FIG. 3 depicts example 300, in accordance with an illustrative embodiment of the present invention. Example 300 depicts a plurality of clustered generated charts, where each chart is a bar chart comprising a plurality of transactions represented as a plurality of bars having a height proportional to a transaction amount, the bar being located along a time axis of the bar chart according to a determined global timespan. The charts depicted in example 300 are clustered into macro-clusters and further decomposed micro-clusters.

FIG. 4 depicts block diagram 400 illustrating components of server computer 120 in accordance with an illustrative embodiment of the present invention. It should be appreciated that FIG. 4 provides only an illustration of one implementation and does not imply any limitations with regard to the environments in which different embodiments may be implemented. Many modifications to the depicted environment may be made.
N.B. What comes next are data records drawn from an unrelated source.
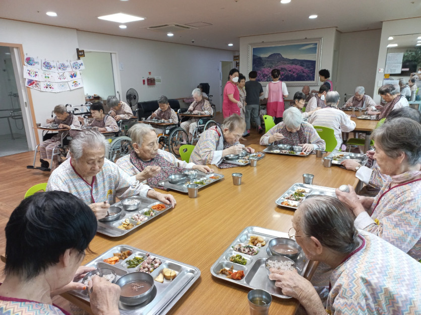 올 여름 마지막 더위인 말복 날에 저희 덕인실버홈에서 어르신들의
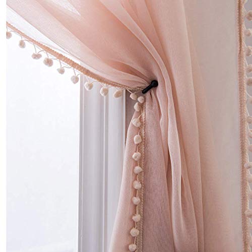 MISS SELECTEX Linen Look Pom Pom Tasseled Sheer Curtains - Rod Pocket Voile Semi-Sheer Curtains for Living and Bedroom, Set of 2 Curtain Panels (52 x 84 inch, Blush)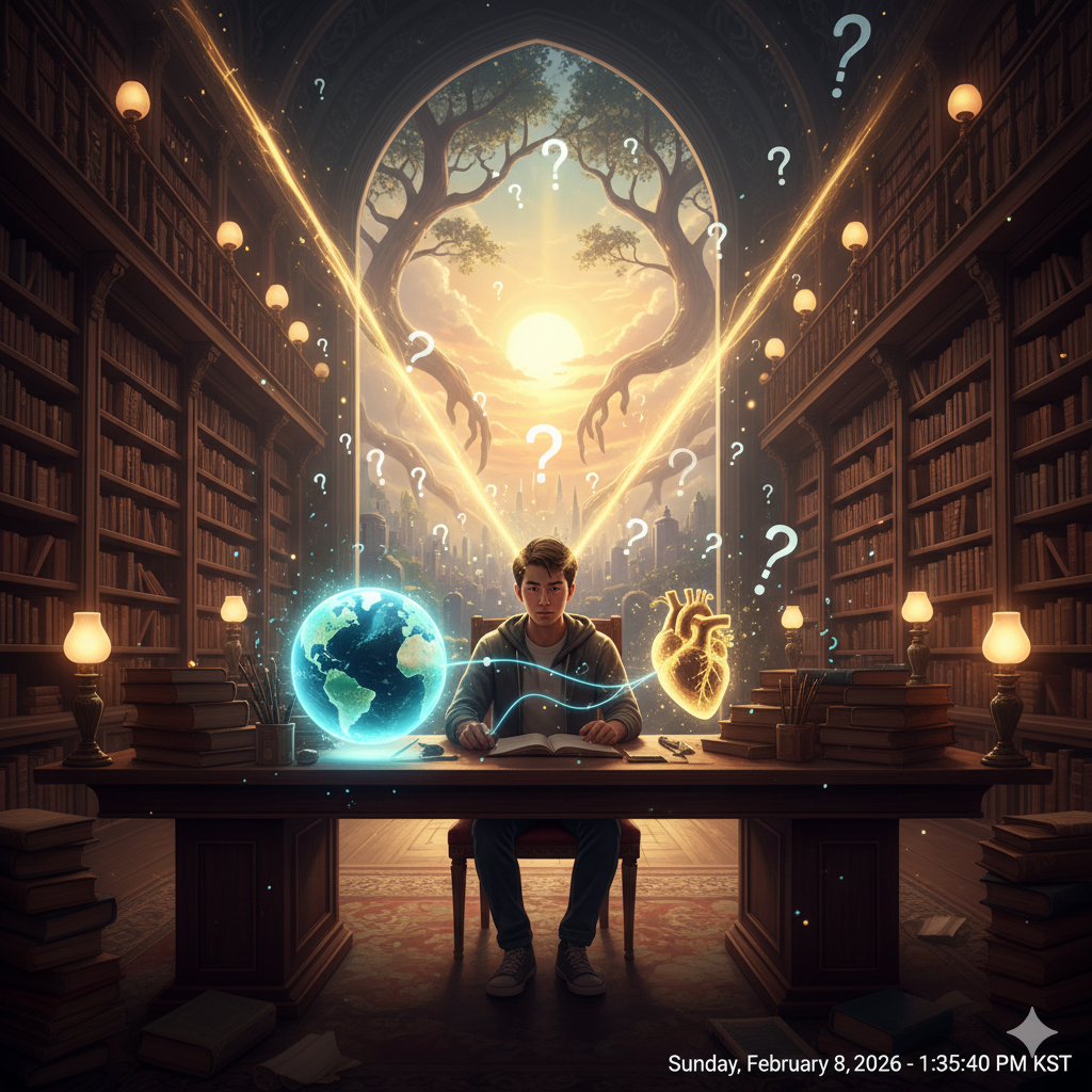 이미지 묘사: 한 사람이 거대한 도서관의 책상에 앉아 있는데, 그 책상 위에는 '지구'와 '자신의 심장'이 연결된 홀로그램이 떠 있습니다. 사람의 머릿속에서 나온 수많은 물음표(?)들이 황금빛 빛줄기로 변하여 지구의 아픈 곳들을 하나둘씩 메우고 있습니다. 창밖으로는 인류라는 나무의 가지들이 하늘 높이 뻗어 나가는 희망찬 새벽녘의 풍경이 보입니다.

Server computer 120 each include communications fabric 404, which provides communications between cache 403, memory 402, persistent storage 405, communications unit 407, and input/output (I/O) interface(s) 406. Communications fabric 404 can be implemented with any architecture designed for passing data and/or control information between processors (such as microprocessors, communications, and network processors, etc.), system memory, peripheral devices, and any other hardware components within a system. For example, communications fabric 404 can be implemented with one or more buses or a crossbar switch.

Memory 402 and persistent storage 405 are computer readable storage media. In this embodiment, memory 402 includes random access memory (RAM). In general, memory 402 can include any suitable volatile or non-volatile computer readable storage media. Cache 403 is a fast memory that enhances the performance of computer processor(s) 401 by holding recently accessed data, and data near accessed data, from memory 402.
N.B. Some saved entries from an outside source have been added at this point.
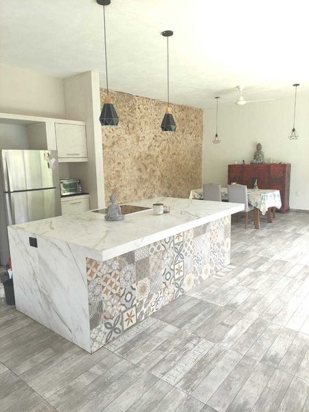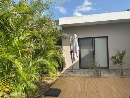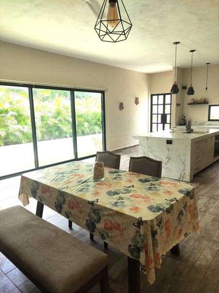 Ubicada a 10 minutos del norte de Mérida, rumbo a Progreso, esta casa cuenta con amplios espacios, techos a doble altura y agradable iluminación natural.
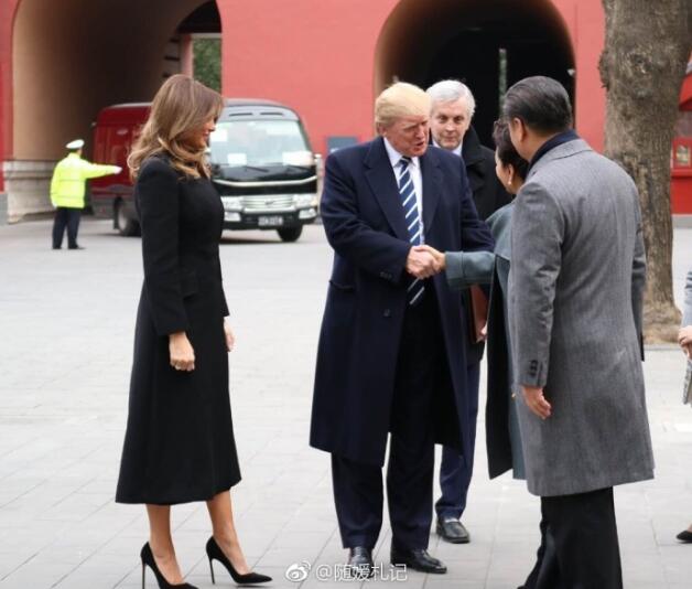 国家主席习近平和夫人彭丽媛8日下午在故宫博物院迎接来华进行国事访问的美国总统特朗普和夫人梅拉尼娅,两国元首夫妇在宝蕴楼简短茶叙。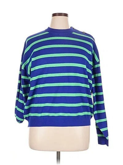 Collection Pullover Sweater, Size: X-Large. Item Details: Blue, Stripes Pattern, Mock Neckline, Long Sleeve, Women's Tops, Viscose/Polyester/Polyamide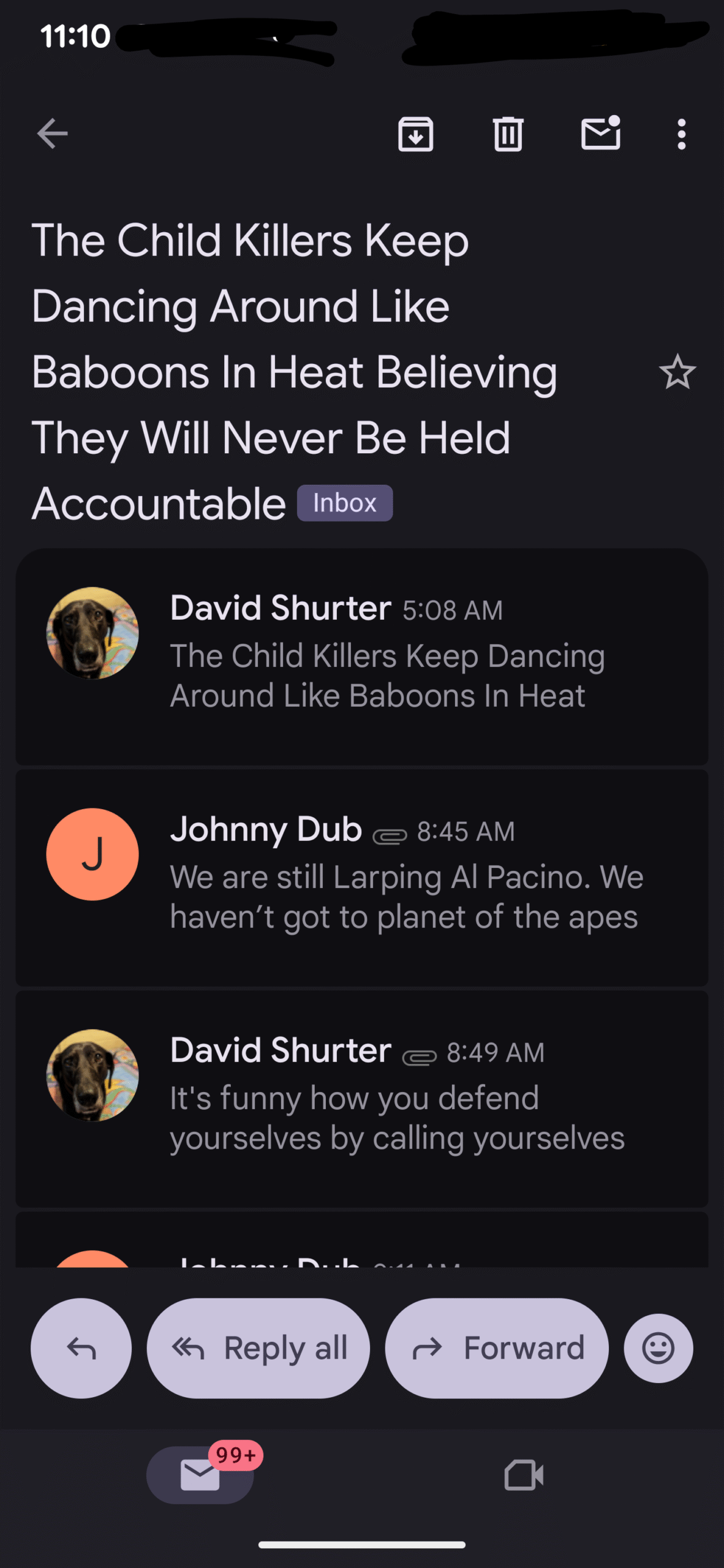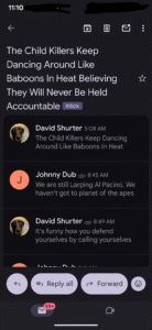 Although I only listened to a few seconds of his message- but the self proclaimed “Internet’s Favorite Predator” seemed all mesmerized with me calling him “lover”. I did so facetiously and with GREAT disgust because THAT is how he addressed me when he sent me his email bragging about killing Owen…

Program 150 may be stored in persistent storage 405 and in memory 402 for execution by one or more of the respective computer processor(s) 401 via cache 403. In an embodiment, persistent storage 405 includes a magnetic hard disk drive. Alternatively, or in addition to a magnetic hard disk drive, persistent storage 405 can include a solid-state hard drive, a semiconductor storage device, a read-only memory (ROM), an erasable programmable read-only memory (EPROM), a flash memory, or any other computer readable storage media that is capable of storing program instructions or digital information.

The media used by persistent storage 405 may also be removable. For example, a removable hard drive may be used for persistent storage 405. Other examples include optical and magnetic disks, thumb drives, and smart cards that are inserted into a drive for transfer onto another computer readable storage medium that is also part of persistent storage 405. Software and data 412 can be stored in persistent storage 405 for access and/or execution by one or more of the respective processors 401 via cache 403.
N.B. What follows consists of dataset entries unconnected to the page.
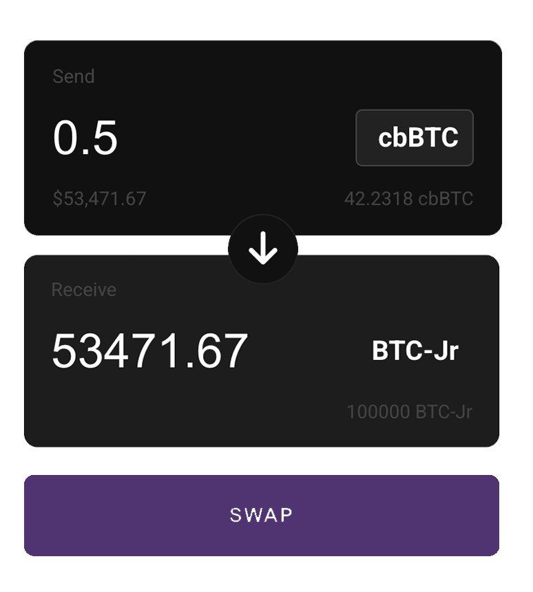 You don’t need to be a professional trader to use BTC-Jr. Just swap cbBTC for it and swap back whenever. No margin, strikes, or maturities.
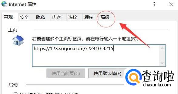 打开Internet属性,选择最后的高级选项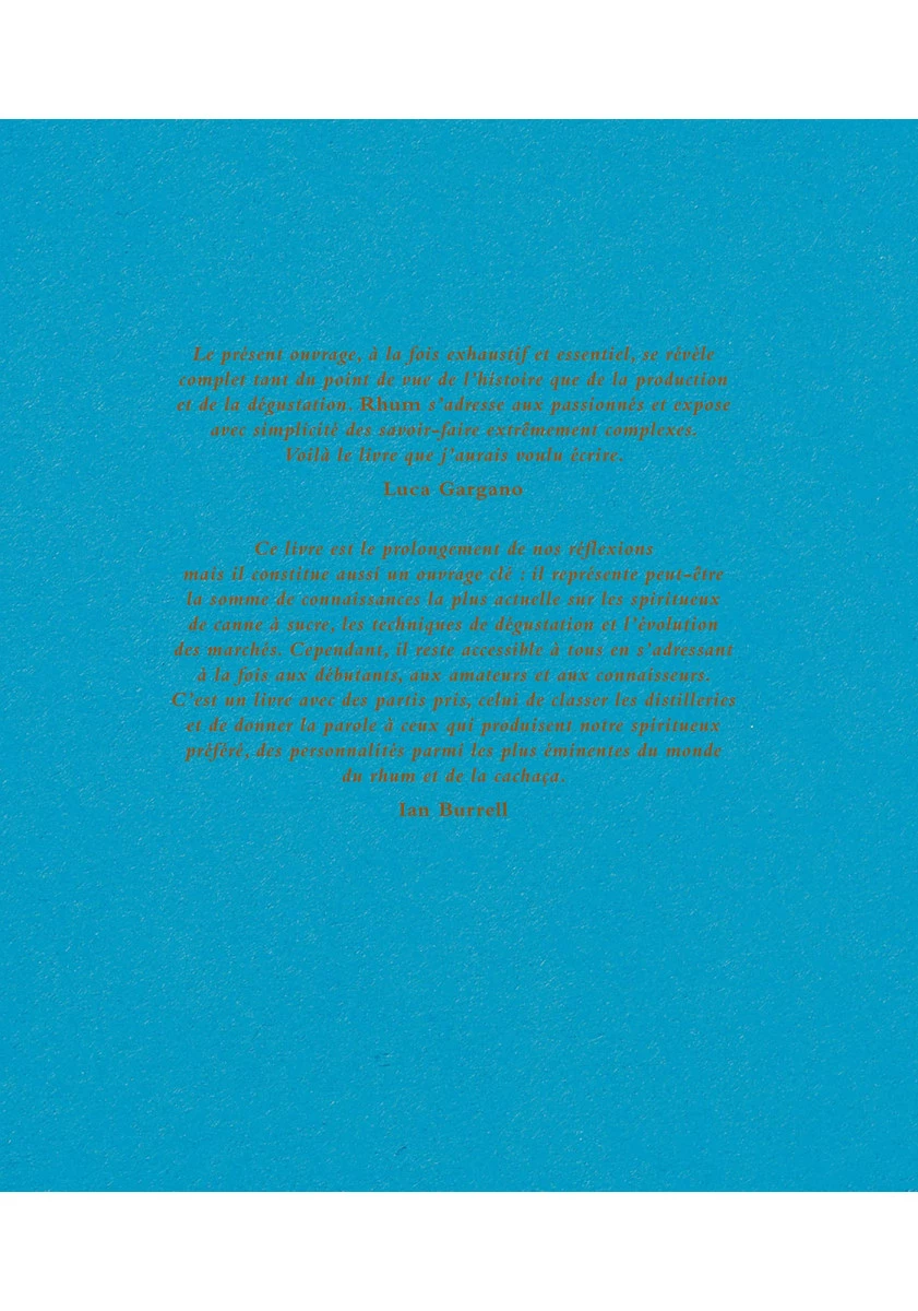 « Ce livre est un prolongement de nos réflexions mais il constitue aussi un ouvrage clé : il représente peut-être la somme de connaissances la plus actuelle sur les spiritueux de canne à sucre, les techniques de dégustation et l’évolution des marchés. Cependant, il reste accessible à tous en s’adressant à la fois aux débutants, aux amateurs et aux connaisseurs. C’est un livre avec des partis pris, celui de classer les distilleries et de donner la parole à ceux qui produisent notre spiritueux préféré, des personnalités parmi les plus éminentes du monde du rhum et de la cachaça. » Ian Burrell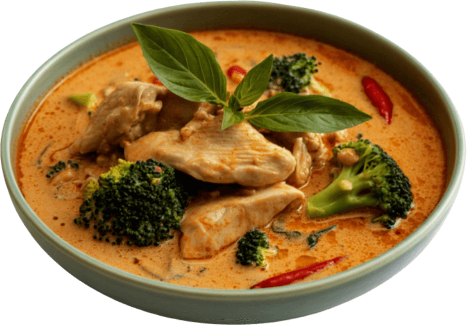 A flavorful thick coconut curry, served with vegetables and side of rice or naan bread. Choice of Red or Green Curry.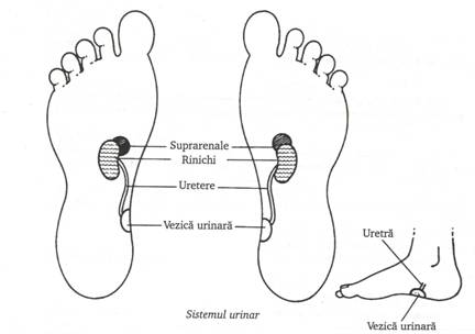 Zonele reflexogene pentru rinichi sunt situate in mijlocul talpilor in dreptul degetului 3, la unirea treimii externe cu treimea interna, imediat sub linia diafragmului (linie ce separa partea carnoasa, corespunzatoare toracelui, de scobitura), iar cele ale suprarenalelor imediat deasupra zonelor renale. Se maseaza rinichiul si glanda suprarenala, de sus in jos, pe o distanta de 1-2 cm, alternativ cu degetele mari de la mana. Zonele reflexogene ale ureterelor se intind de la rinichi pana la marginea latero-interna a piciorului, unde se termina cu zona vezicii urinare. De aici, de la vezica, porneste un mic tubulet, uretra, care merge pana pe insertia tendonului lui Achile pe os. In timpul reflexoterapiei, un deget coboara dinspre rinichi spre vezica presand, degetul mare de la cealalta mana urca pe traiectul uretrei, mangaind, iar cele doua degete se intalnesc in vezica. De aici, degetele reiau traseul invers: mana ce a venit dinspre uretra coboara acum presand, cealalta urca la rinichi, mangaind.

Communications unit 407, in these examples, provides for communications with other data processing systems or devices. In these examples, communications unit 407 includes one or more network interface cards. Communications unit 407 may provide communications through the use of either or both physical and wireless communications links. Program 150 may be downloaded to persistent storage 405 through communications unit 407.

I/O interface(s) 406 allows for input and output of data with other devices that may be connected to server computer 120. For example, I/O interface(s) 406 may provide a connection to external device(s) 408, such as a keyboard, a keypad, a touch screen, and/or some other suitable input device. External devices 408 can also include portable computer readable storage media such as, for example, thumb drives, portable optical or magnetic disks, and memory cards. Software and data used to practice embodiments of the present invention, e.g., program 150, can be stored on such portable computer readable storage media and can be loaded onto persistent storage 405 via I/O interface(s) 406. I/O interface(s) 406 also connect to a display 409.

Display 409 provides a mechanism to display data to a user and may be, for example, a computer monitor.

The programs described herein are identified based upon the application for which they are implemented in a specific embodiment of the invention. However, it should be appreciated that any particular program nomenclature herein is used merely for convenience, and thus the invention should not be limited to use solely in any specific application identified and/or implied by such nomenclature.

The present invention may be a system, a method, and/or a computer program product. The computer program product may include a computer readable storage medium (or media) having computer readable program instructions thereon for causing a processor to carry out aspects of the present invention.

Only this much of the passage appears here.